Banking on Insights: Predicting Customer Churn

nganhahv99
Sep 24, 2023
2 min read

Updated: Nov 16, 2023

Business Motivation

The main objective is to help financial institutions predict customer churn before it happened and to timely take actions to retain customers.

Project Overview

Employed classification model (logistic regression) to predict customer churn for a commercial bank
Deployed unsupervised learning (k-means clustering) to identify and understand customer segments
Preprocessed data by encoding categorical features and reducing dimensionality (PCA)
Performed exploratory data analysis (EDA) to understand correlation between variables and gather summary statistics

Main Insights & Recommendations

Account balance and active status are major predictors of churn
Each customer segment needs targeted retention strategies
High-value customer segment makes major contribution to profit

Resources Used

Software: SAS

Dataset Source: Kaggle

Table of Contents:

I. Data Preprocessing

II. Exploratory Data Analysis

III. Model Building

a. K-means Clustering

b. Logistic Regression

IV. Model Performance

I. Data Preprocessing

Dataset contains 10,000 rows and 13 variables listed in table below

First, I encoded categorical variables (Geography, Gender) so that we can perform classification on the data.

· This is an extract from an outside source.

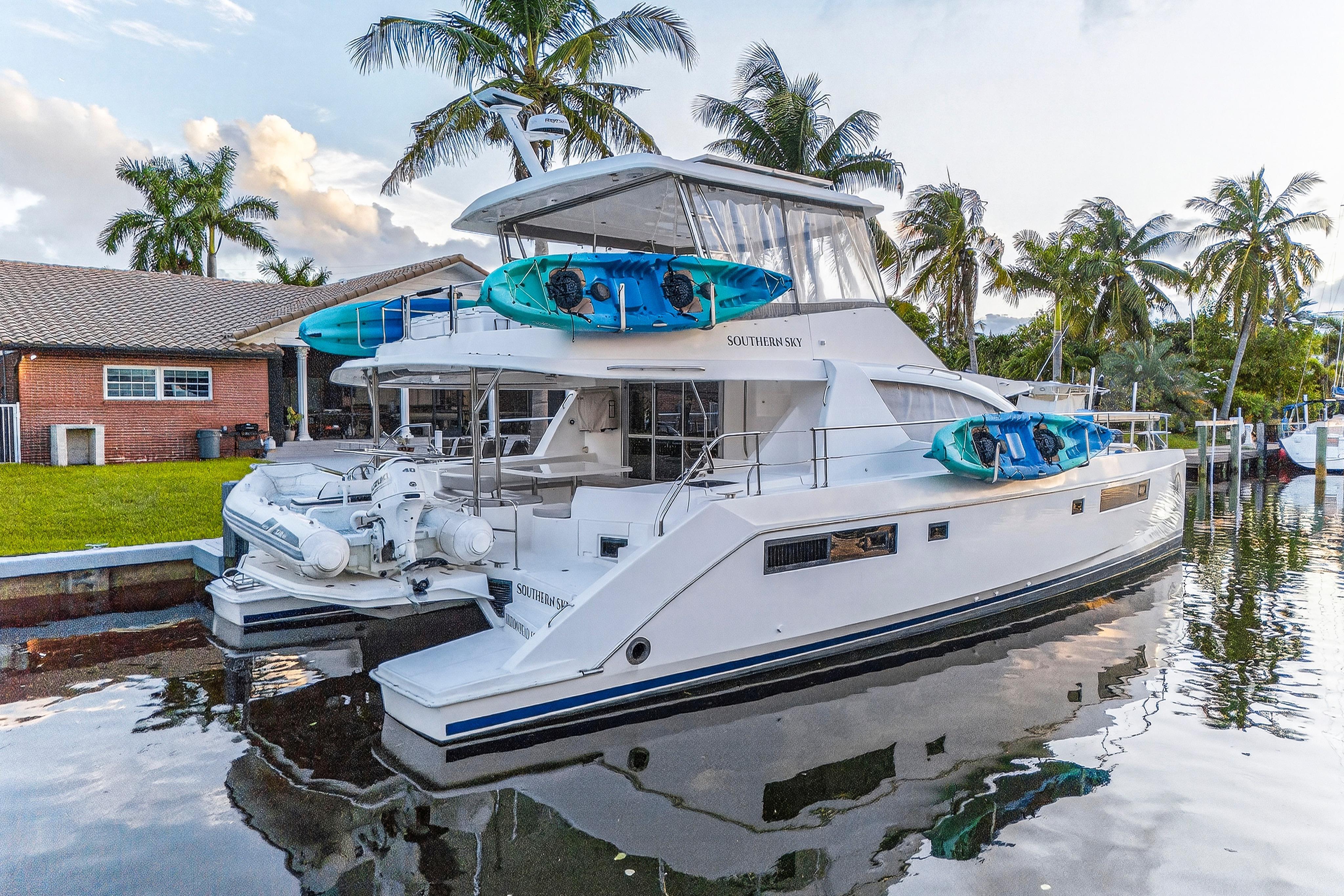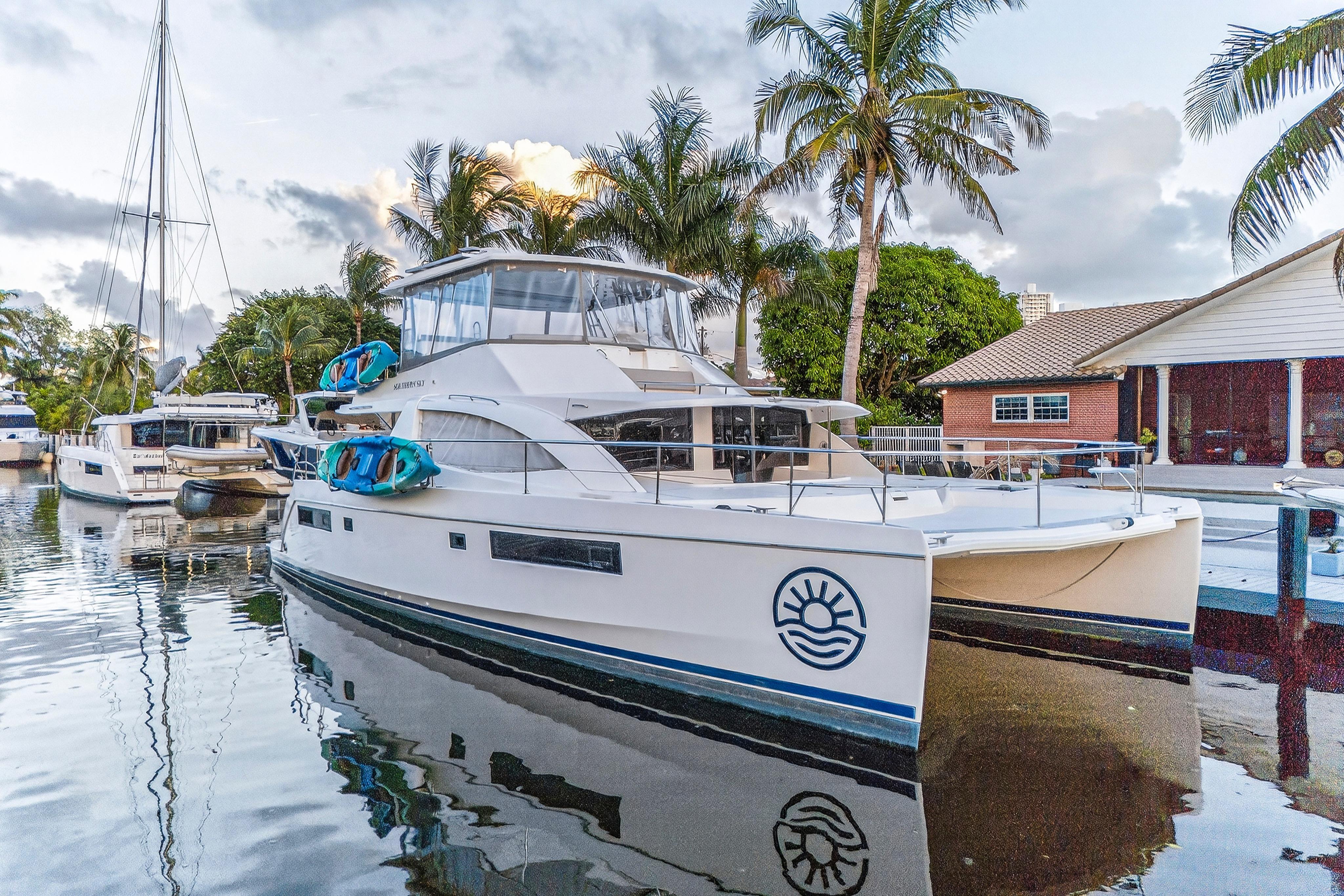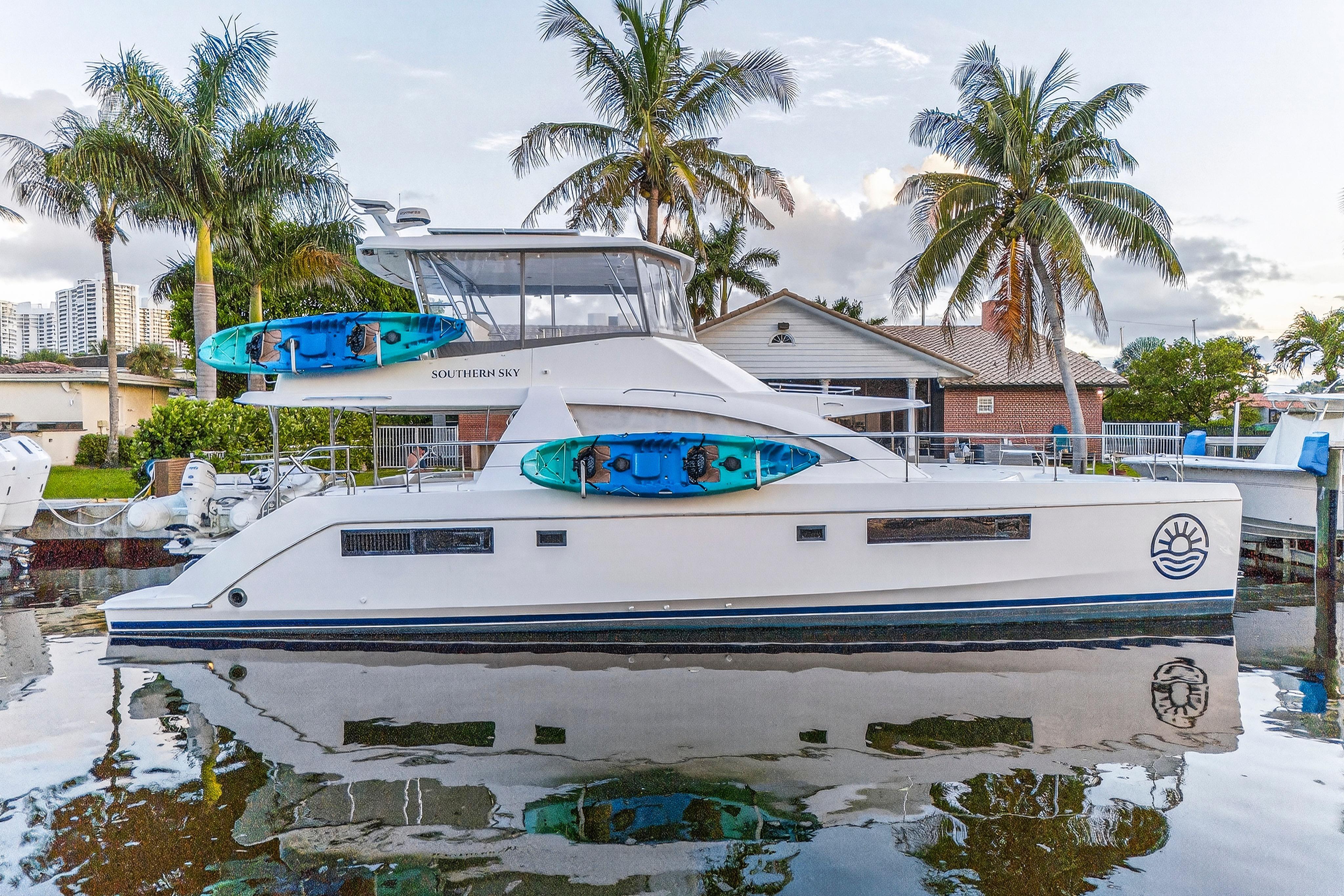 Southern Sky is a 2018 Leopard 51 Power Catamaran that offers the perfect balance of performance, luxury, and efficiency, making it an exceptional choice for charter, cruising, or liveaboard adventures. Powered by twin diesel engines, it delivers impressive fuel economy and a smooth ride, even in open water. The spacious layout includes four comfortable cabins with en-suite heads, a modern galley, and a bright, open salon with panoramic windows. The expansive flybridge features ample seating, a wet bar, and a helm station with excellent visibility, making it ideal for entertaining or relaxing underway. With its solid build, sleek design, and proven cruising capabilities, this Leopard 51PC is turn-key and ready for your next voyage.Accommodations4 cabins with ensuite washroomsMechanical EquipmentYanmar 8LV 350Paguro 9KW Generator with full sound enclosure. Engines completed full 1,000 hour service in January 2024 by Just Catamarans: New turbos, service heat exchangers, intercoolers, raw water pumps , risers, turbo lagging and more. (20K+). Serviced by crew since then. Galley EquipmentVitrfrigo 210 double drawer refrigerator (new 2024)3.5 cubic foot Chest freezer in starboard lazarette (new 2024)Dual Zone refrigerated cooler in port lazarette.(new 2024)2-burner induction stove top. (new 2024)Single Stainless steel deep sink. (new 2024)Electric oven with air fryer. (new 2024)Vitrifrigo 80 refrigerator on flybridge (ex-charter).Microwave (ex-charter)Flybridge galley with sink, refrigerator. (new 2024)Deck and Hull Equipment6+ Fenders. (new 2024)Misc. docklines. (new 2024)Ultra 45 stainless steel anchor. (new 2024)Approx 50 meters galvanized 10 mm chain (ex charter)5 Oceans 1500 watt windlass – motor and deck (11/24)Spare anchor/chain (ex charter).Navigation SystemsComplete Fusion / JL audio 4 zone system with Apollo head unit and 3 remotes, 3 amps, 2 subs. JL M7 speakers. (new 2024)Starlink High performance flat panel. (new 2024)Aegian Wi-Fi extender with router and switch. (new 2024)RayMarine Axiom Pro2 S. (new 2024) All electronics installed by MPI. RayMarine Quantum 2 Doppler. (new 2024)RayMarine sounder with down / chirp / side. (new 2024) RayMarine AIS700. (new 2024)RayMarine I70 depth, speedRayMarine P70s with EV1/ACU400 AutopilotRayMarine R63 VHF with new cable and antenna (11/2024)4 X 22” LCD TVs in cabins. (new 2024)32” TV in main salon. (new 2024)43” Full Sun LCD TV in cockpit. (new 2024)Additional EquipmentExterior cushions. (new 2024)Flybridge isinglass. (new 2024)Flybridge bar top, sink etc. (rebuilt 2024). All tap fixtures (except for shower mixers) (new 2024)All black water hoses. (new 2024) Raritan Elegance heads with freshwater flush. (new 2024)Custom mattresses. (new 2024)Dockmate Twist remote control – engine and horn only. (new 2024)Sea-water pro Piranha 30 GPH water maker (produces 25 GPH). (new 2024)3 X 16,000 BTU Velair variable speed air conditioners with heat. (new 2024)12 X SeaBlaze Quattro underwater lights. (new 2024) - 1 scheduled to be replaced in 8/18/25 2 X aft flood lights. (new 2024) Custom aft cockpit bar. (new 2024)Fresh water deck washdown at anchor locker. (new 2024)4 pax liferaft with valise. (new 2023)Smoke / COFire extinguishers (10/24)Throwable PFD with lineACR Global Fix EPIRB. (new 2023)2 X inflatable PFD’s (new 2023)12 X type II PFD’s. (new 2024)Visual Distress Signals etc. (new 2023)Misc. equipment and first aid etc. (new 2023)Courtesy Flags etc.6 X 460 AH Epoch Lithium batteries: 2760 AH (35kwh) total with Bluetooth, upgraded bus bars etc. Currently at 120+/- cycles. (new 2024)4 X 475 watt solar with 2 X Victron 250/70 charge controllers. (new 2024) - produces in excess of 10kwh daily. Victron Quattro 12/5000/220 Inverter / charger. (new 2024) (runs all 3 air conditioners). All electrical installed by Just Catamarans. Victron Cytrix combiner for generator battery maintenance. (new 2024)4 X Lifeline GRP24T start batteries (09/2024)1 X Generator start battery (02/2024).Victron Cerbo with Touch 50. (new 2024) Upgraded to 120/250 50 amp shore power with smart cable. 2nd 50 amp shore power cord and splitter. (new 2024)Added 10 X 120 VAC outlets throughout the boat. (new 2024)Paguro 9,000-watt generator 2023 Zar Mini Lux 13 with Suzuki 40 HP with hydraulic steering - heavy use however mechanically sound. 3 X 2 pax kayaks. (new 2024) 3 X inflatable SUPS. (new 2024)Inflatable Slide. (new 2024) Misc. floats etc.Complete furnished galley equipment including pots, pan, service for 12+, blenders, coffee and espresso machines, Insta Pot etc. (new 2024)Complete bedding and towels. (new 2024 - 1 season). Tender tow bridle and line. (new 2024)Spares including a Victron Quattro, head parts etc.Air pumps and misc. floating mats etc.Snorkel gear for 10+ people (new 2024 - 1 season)Misc. toolsPressure washerBean bags and lounge chairs for front deck. (new 2024)Sunshade for front deck. (new 2024)Full set of docklines and fenders (inflatable and standard) (new 2024)2 X Rtic 140 Qt coolers2 X Rtic Beveridge coolers.Full-size LPG grill (new 2025 however well used).

data project.data; set project.data;
if Gender = 'Female' then Gender_dummy = 1; else Gender_dummy = 0;
if Geography = 'France' then France = 1; else France = 0;
if Geography = 'Spain' then Spain = 1; else Spain = 0;
if Geography = 'Germany' then Germany = 1; else Germany = 0;
run;

Second, I performed Principal Component Analysis to reduce dimensionality of the data and remove multicollinearity, enabling future modeling like K-means Clustering amd Logistic Regression to run more efficiently.

/* PCA */
proc princomp data=project.data out=project.pca;
var &xvar;

From the results above, the first eight principal components can already explain ~80% of variation in the data.

II. Exploratory Data Analysis

Next, I gathered summary statistics of the variables incl. means, standard deviations, min and max values.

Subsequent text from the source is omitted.